Excerpted data:
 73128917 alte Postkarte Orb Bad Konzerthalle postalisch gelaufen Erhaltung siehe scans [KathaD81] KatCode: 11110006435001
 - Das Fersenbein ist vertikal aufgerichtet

* * *

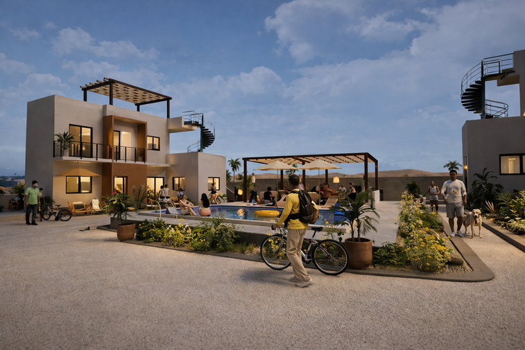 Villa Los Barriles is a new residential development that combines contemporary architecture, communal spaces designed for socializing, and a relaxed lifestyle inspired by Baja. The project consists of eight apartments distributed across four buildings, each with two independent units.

Work to complete: What you return should be exactly the lines above, starting at the one with "73128917 alte Postkarte" and ending at the one with "- Das Fersenbein ist vertikal aufgerichtet", and nothing else.

Task answer:
 73128917 alte Postkarte Orb Bad Konzerthalle postalisch gelaufen Erhaltung siehe scans [KathaD81] KatCode: 11110006435001
 - Das Fersenbein ist vertikal aufgerichtet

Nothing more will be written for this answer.